To activate the container with the database, run docker compose up -d in the project's main directory. Additionally, if you want to connect to the database via CLI, you can run:

psql -h localhost -p 5435 -U data_ex -d data_exam

Usage

Once everything is set up, you can run two different commands using the main.py file:

  • today-info (accepts two parameters)
  • day-info (accepts no parameters and is also used by the CRON)

day-info Command

The day-info extracts data about Cryptocurrencies from CoinGecko, and it does transform it and load it into a local CSV for every execution (and opcionally, the database): This command has two parameters.

  • coin - The name of a cryptocurrency accepted by the CoinGecko API.
  • date - The date in ISO 8601 format.

Additionally, it includes an optional flag:

  • db-store - If set, this flag updates both the local CSV and the database.

The CSV file will be stored in the 'data' folder with the name 'coins_data.csv'.

Here are a few examples:

python main.py day-info ethereum 2024-08-19
python main.py day-info cardano 2024-07-31 --db-store

today-info Command

This command does the same as day-info, but without requiring any parameters.
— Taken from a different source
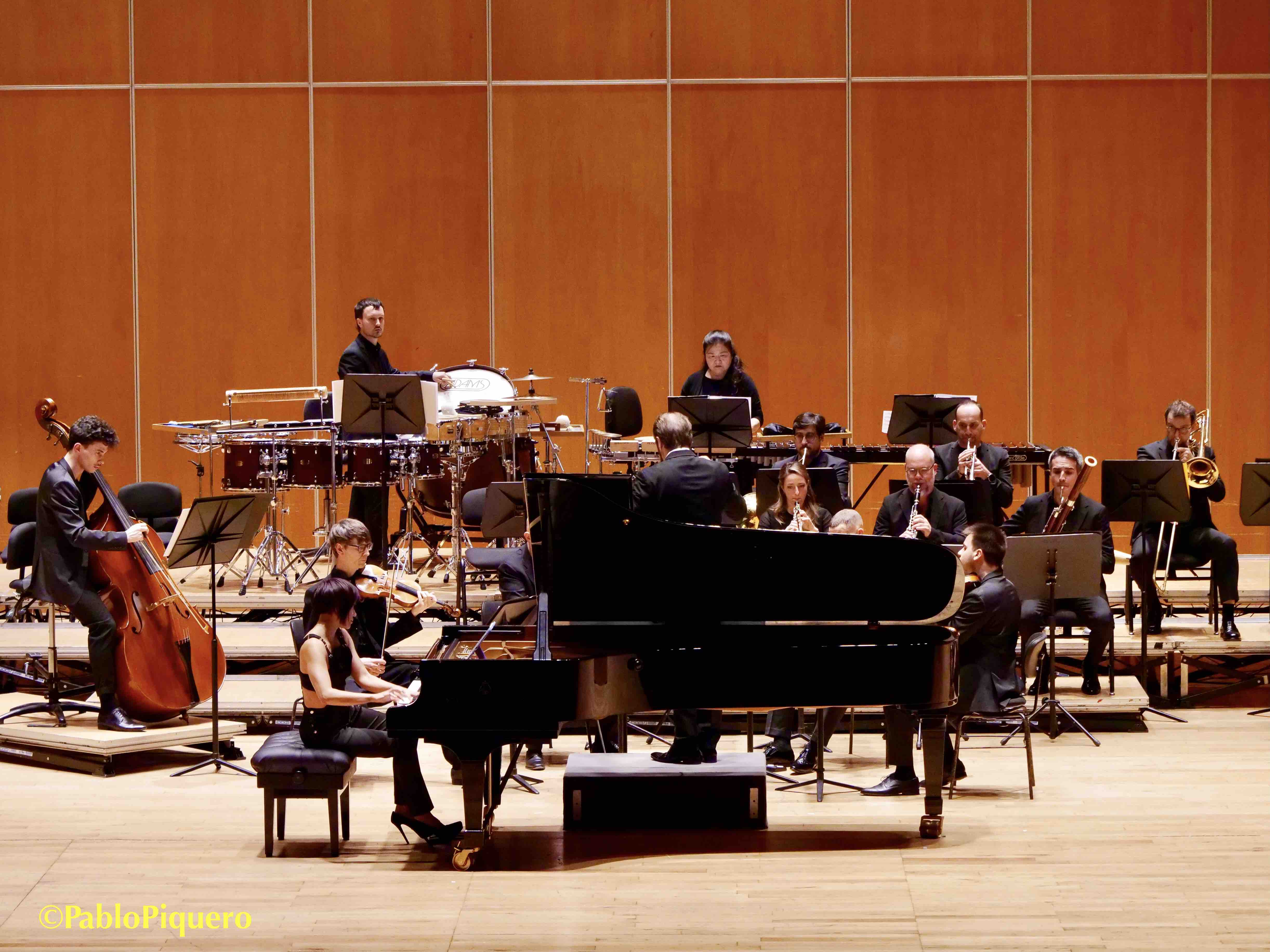 El Concierto para piano y orquesta, escrito entre 1985 y 1988, supone en palabras del propio Ligeti «un cambio estilístico radical en mi escritura» como bien recoge en las notas al programa mi admirado musicógrafo Luis Suñén, donde el ritmo y las texturas son verdaderos protagonistas, citando de nuevo a mi amigo madrileño, afincado en tierras gallegas: «tomando el concepto de la fotografía, «el grano», según sea el deseo de mayor o menor veladura o densidad de su aspecto, evocando la relación entre píxeles e imágenes en una pantalla de televisión: la ilusión de movimiento es creada por elementos inmóviles». No quiero dejar de reflejar el impecable trabajo de los dos percusionistas que llevan el verdadero peso de este concierto tan sacrificado para ellos (pocas veces lo tocan), aunando color con un piano no siempre protagonista, al que Wang (en su estreno con esta obra) le intentó dotar de mayor presencia pero el director francés Fabien Gabel no «enfocó», más preocupado en no perder la pulsación ni el empuje rítmico que eché de menos en Stravinsky.

It automatically extracts, transforms, and loads data for three cryptocurrencies: Bitcoin, Ethereum, and Cardano with the current date. This command is also scheduled to run daily at 3 AM via CRON.

Here's an example:

python main.py today-info --db-store

Cron

To enable the CRON job, run crontab -e and add the following line to schedule the today-info command to run every day at 3 AM.

# every minute | every hour | every day of the month | every month of the year | every day of the week
0 3 * * * /usr/bin/pipenv run python /your_data_path/main.py today-info --db-store

If it doesn't work, check if it is not activated in bash.

service cron status # Cron check.
sudo systemctl enable cron # Cron enable if it was disabled.

About Exercises 3 and 4

  • For the third exercise, the queries to run in PostgreSQL are located in the queries_task_3.sql file inside the 'data' folder.
  • For the fourth exercise, you'll find a Jupyter Notebook file in the main folder that contains the first part of the exercise.
    • Additionally, plots will be generated in the 'plots' folder; three example plots are already included by default.
    • To update the database with recent data without manually running the main.py file multiple times, I've included a exercise_4_help.sh script. This script contains useful snippets and additional information to save you time.